What the task requires: Everything from the line containing "The Exotek Slash" through the final line below must be output exactly, both ends included, with nothing else and no pictures.

Provided data:
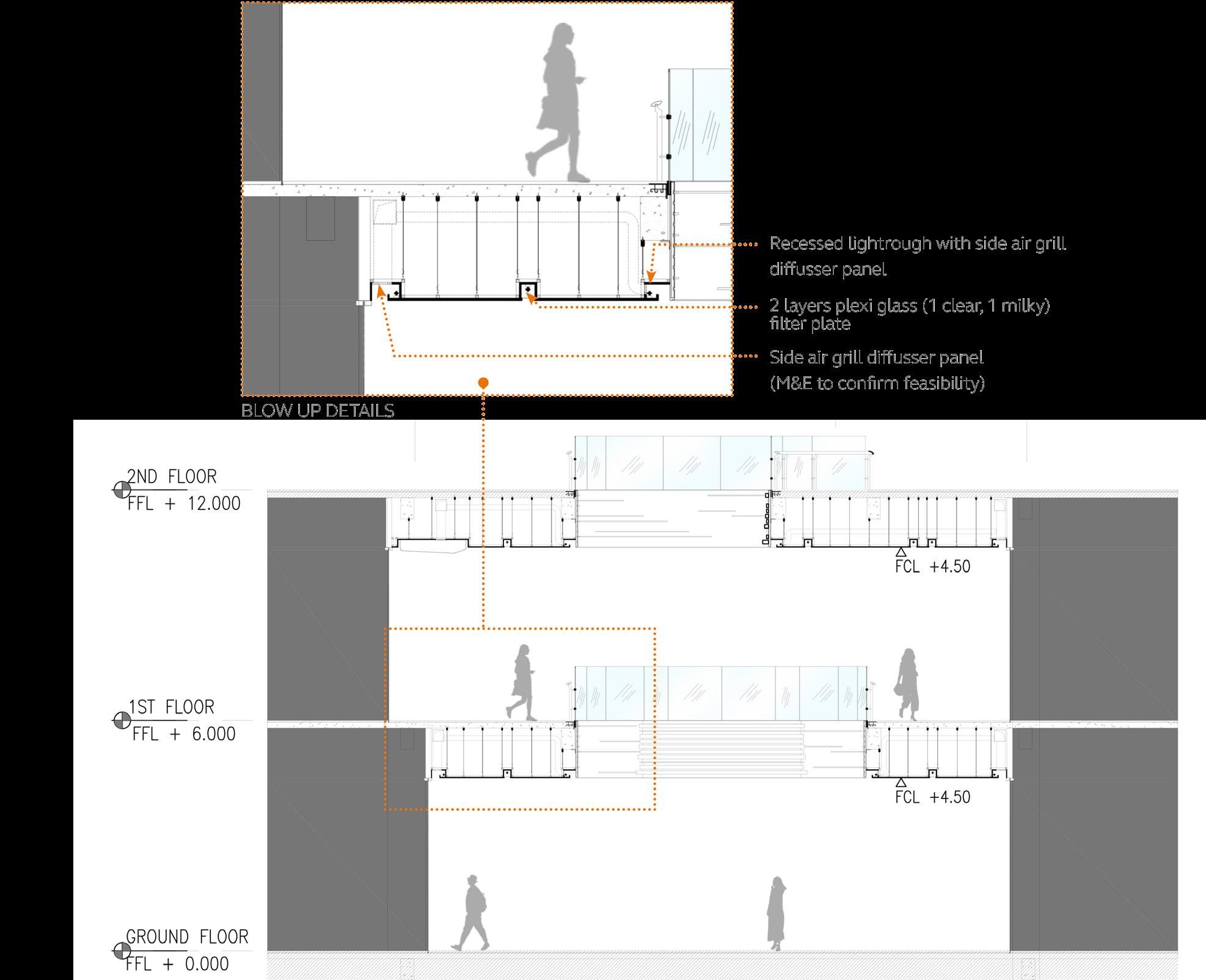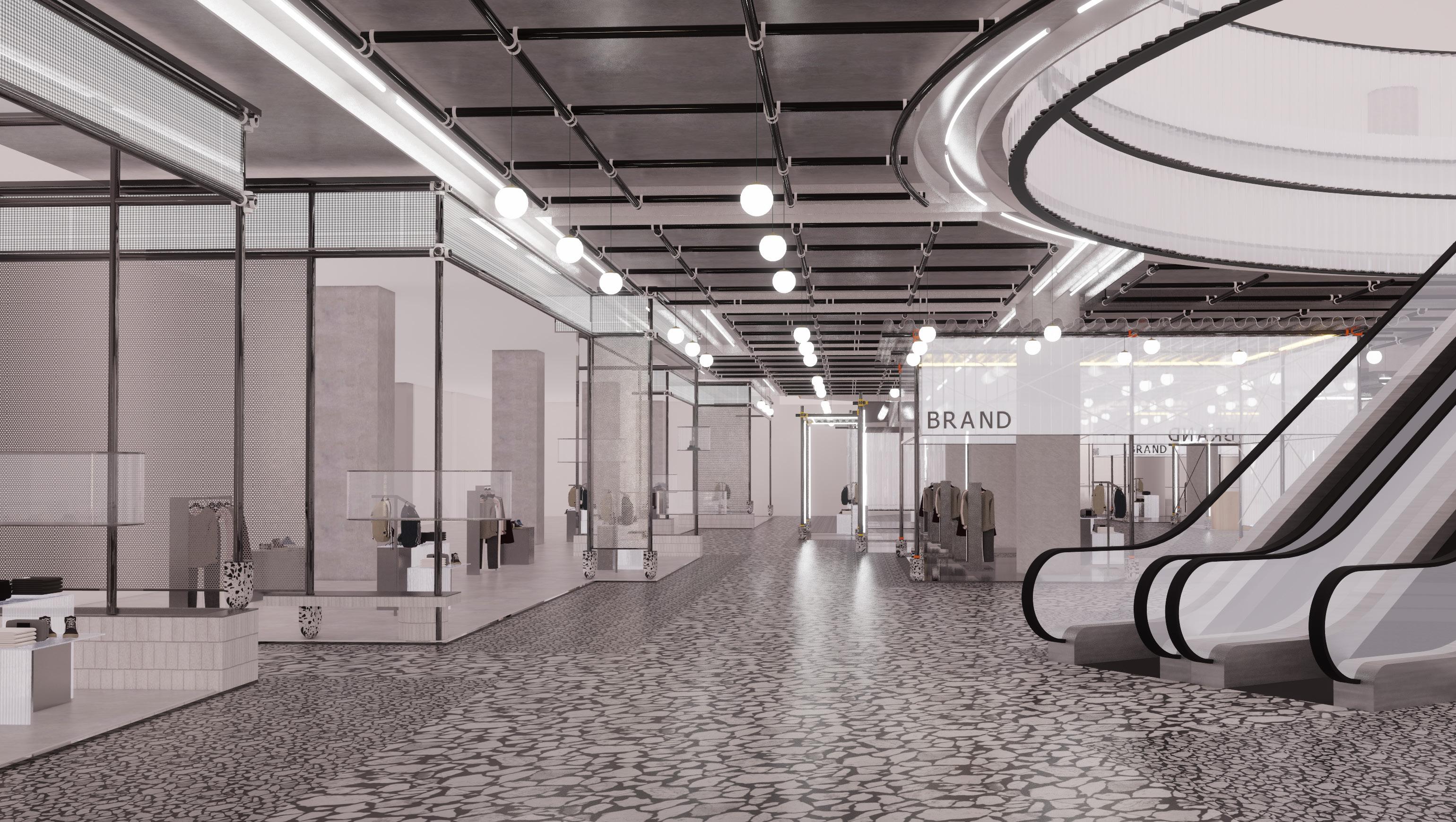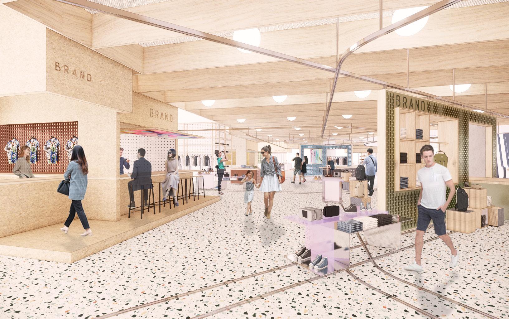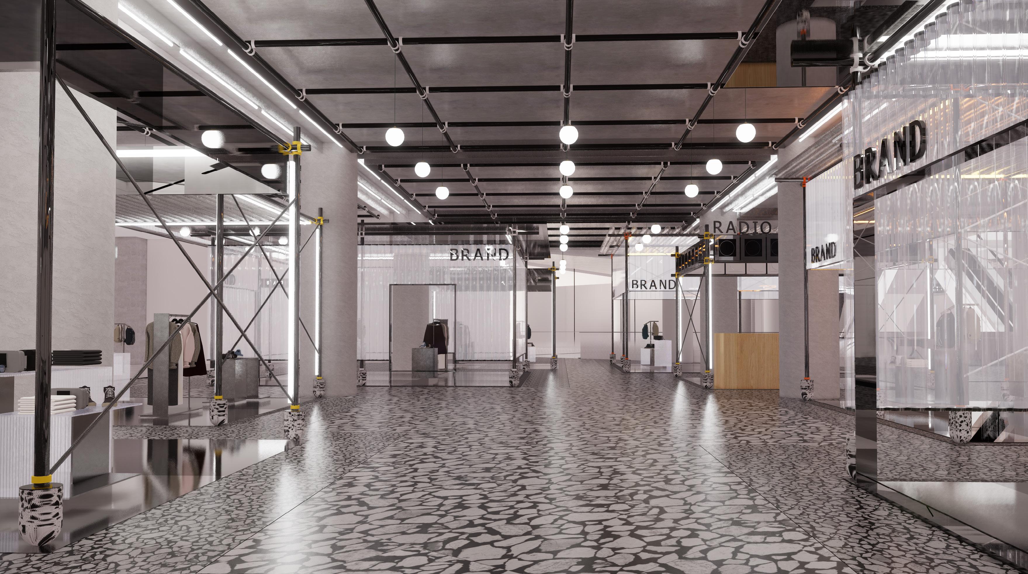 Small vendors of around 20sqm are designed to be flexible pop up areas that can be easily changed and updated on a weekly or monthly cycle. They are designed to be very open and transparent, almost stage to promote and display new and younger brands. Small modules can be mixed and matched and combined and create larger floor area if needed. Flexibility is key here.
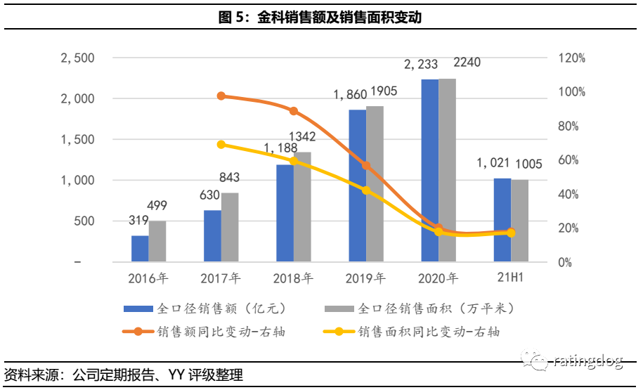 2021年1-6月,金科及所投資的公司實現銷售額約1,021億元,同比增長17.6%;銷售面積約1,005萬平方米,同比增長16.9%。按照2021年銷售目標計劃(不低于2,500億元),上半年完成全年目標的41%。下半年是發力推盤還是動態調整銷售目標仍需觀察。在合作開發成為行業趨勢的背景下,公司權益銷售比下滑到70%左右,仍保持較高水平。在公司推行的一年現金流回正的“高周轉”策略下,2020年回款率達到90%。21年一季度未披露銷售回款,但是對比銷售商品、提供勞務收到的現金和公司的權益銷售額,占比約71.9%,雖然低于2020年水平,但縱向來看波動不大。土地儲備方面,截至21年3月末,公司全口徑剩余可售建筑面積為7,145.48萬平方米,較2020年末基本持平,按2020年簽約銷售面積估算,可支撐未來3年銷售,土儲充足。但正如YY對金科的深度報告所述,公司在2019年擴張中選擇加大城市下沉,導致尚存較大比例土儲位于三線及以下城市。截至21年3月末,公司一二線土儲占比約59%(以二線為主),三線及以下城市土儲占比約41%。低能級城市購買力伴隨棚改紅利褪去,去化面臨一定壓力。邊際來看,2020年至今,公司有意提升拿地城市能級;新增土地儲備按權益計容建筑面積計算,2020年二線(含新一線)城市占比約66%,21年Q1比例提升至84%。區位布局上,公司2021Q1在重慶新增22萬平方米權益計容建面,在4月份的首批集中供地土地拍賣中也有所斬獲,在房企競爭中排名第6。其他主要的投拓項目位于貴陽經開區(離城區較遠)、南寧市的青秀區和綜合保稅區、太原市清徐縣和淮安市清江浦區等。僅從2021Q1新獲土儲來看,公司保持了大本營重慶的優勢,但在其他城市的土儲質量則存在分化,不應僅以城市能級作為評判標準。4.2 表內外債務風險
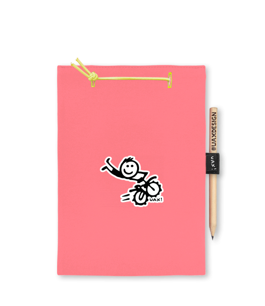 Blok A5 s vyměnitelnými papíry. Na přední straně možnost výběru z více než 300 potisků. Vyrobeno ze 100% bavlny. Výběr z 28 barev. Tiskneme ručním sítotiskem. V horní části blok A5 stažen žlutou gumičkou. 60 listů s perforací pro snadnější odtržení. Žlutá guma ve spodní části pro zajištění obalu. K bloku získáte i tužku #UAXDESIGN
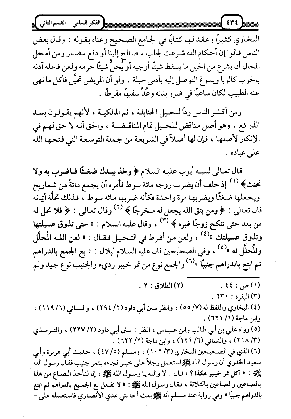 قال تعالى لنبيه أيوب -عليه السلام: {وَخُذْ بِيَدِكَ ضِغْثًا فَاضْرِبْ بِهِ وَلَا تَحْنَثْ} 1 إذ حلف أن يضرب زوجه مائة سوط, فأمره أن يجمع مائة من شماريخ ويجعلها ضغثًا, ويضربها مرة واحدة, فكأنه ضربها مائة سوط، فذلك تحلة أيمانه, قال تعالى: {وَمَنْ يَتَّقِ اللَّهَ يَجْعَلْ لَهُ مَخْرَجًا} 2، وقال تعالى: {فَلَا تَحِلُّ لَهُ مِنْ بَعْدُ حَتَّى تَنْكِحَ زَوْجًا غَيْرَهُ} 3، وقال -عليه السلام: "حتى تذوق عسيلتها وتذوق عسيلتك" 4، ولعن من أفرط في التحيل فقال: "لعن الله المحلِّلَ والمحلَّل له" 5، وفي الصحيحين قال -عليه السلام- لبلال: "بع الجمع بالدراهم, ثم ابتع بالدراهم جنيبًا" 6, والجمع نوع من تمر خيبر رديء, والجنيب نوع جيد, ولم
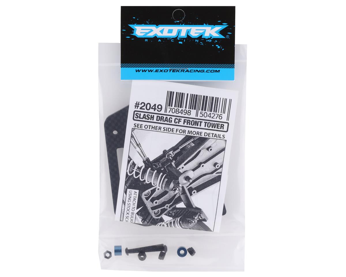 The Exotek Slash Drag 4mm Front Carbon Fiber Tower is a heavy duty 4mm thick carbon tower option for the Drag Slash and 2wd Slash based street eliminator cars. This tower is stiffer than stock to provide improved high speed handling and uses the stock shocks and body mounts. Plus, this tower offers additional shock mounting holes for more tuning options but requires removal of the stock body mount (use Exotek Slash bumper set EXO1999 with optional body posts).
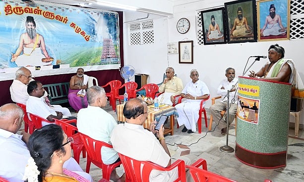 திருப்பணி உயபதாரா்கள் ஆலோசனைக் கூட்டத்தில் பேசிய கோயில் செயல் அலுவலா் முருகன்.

Answer space:
 The Exotek Slash Drag 4mm Front Carbon Fiber Tower is a heavy duty 4mm thick carbon tower option for the Drag Slash and 2wd Slash based street eliminator cars. This tower is stiffer than stock to provide improved high speed handling and uses the stock shocks and body mounts. Plus, this tower offers additional shock mounting holes for more tuning options but requires removal of the stock body mount (use Exotek Slash bumper set EXO1999 with optional body posts).
 திருப்பணி உயபதாரா்கள் ஆலோசனைக் கூட்டத்தில் பேசிய கோயில் செயல் அலுவலா் முருகன்.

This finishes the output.